┌─ Recorded data

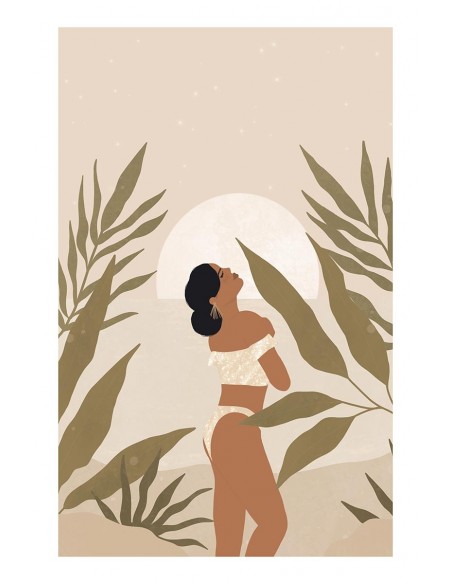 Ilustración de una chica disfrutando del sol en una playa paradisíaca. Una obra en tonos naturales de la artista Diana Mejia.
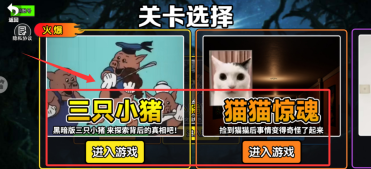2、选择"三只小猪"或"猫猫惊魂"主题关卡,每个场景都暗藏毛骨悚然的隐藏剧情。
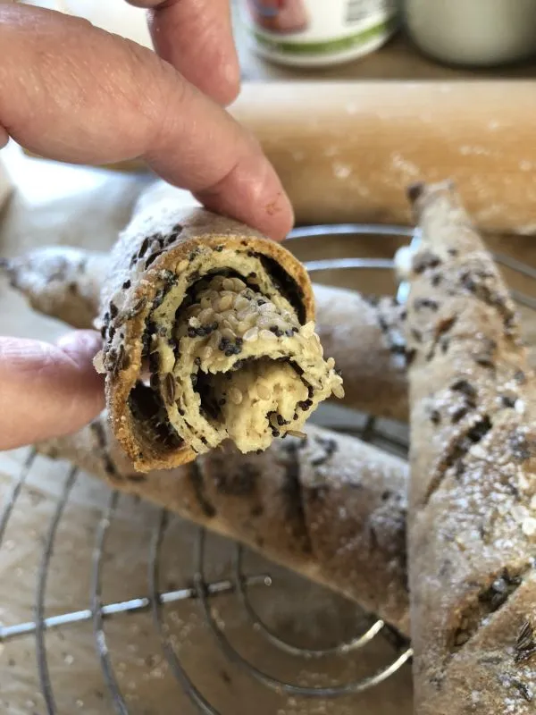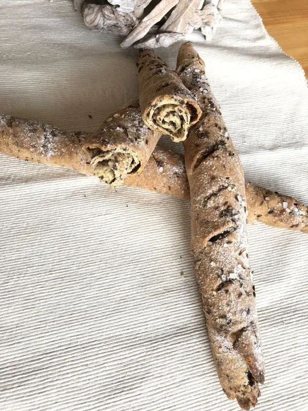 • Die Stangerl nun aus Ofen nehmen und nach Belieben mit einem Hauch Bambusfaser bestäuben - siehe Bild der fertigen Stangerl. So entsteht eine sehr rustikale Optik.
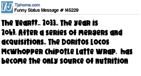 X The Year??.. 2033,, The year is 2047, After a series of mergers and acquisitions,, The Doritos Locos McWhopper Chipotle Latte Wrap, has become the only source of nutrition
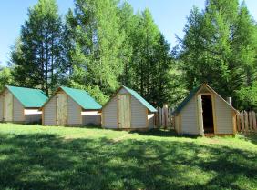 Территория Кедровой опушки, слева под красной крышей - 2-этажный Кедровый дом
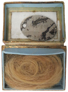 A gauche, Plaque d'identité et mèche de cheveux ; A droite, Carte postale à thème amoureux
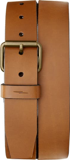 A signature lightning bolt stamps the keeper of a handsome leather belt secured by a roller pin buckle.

└─

• **Goal of the exercise**: Please output, exactly and with no pictures, only the lines from the one containing "X The Year??.." through the final line of the records above.

• **Completed task**:
 X The Year??.. 2033,, The year is 2047, After a series of mergers and acquisitions,, The Doritos Locos McWhopper Chipotle Latte Wrap, has become the only source of nutrition
 Территория Кедровой опушки, слева под красной крышей - 2-этажный Кедровый дом
 A gauche, Plaque d'identité et mèche de cheveux ; A droite, Carte postale à thème amoureux
 A signature lightning bolt stamps the keeper of a handsome leather belt secured by a roller pin buckle.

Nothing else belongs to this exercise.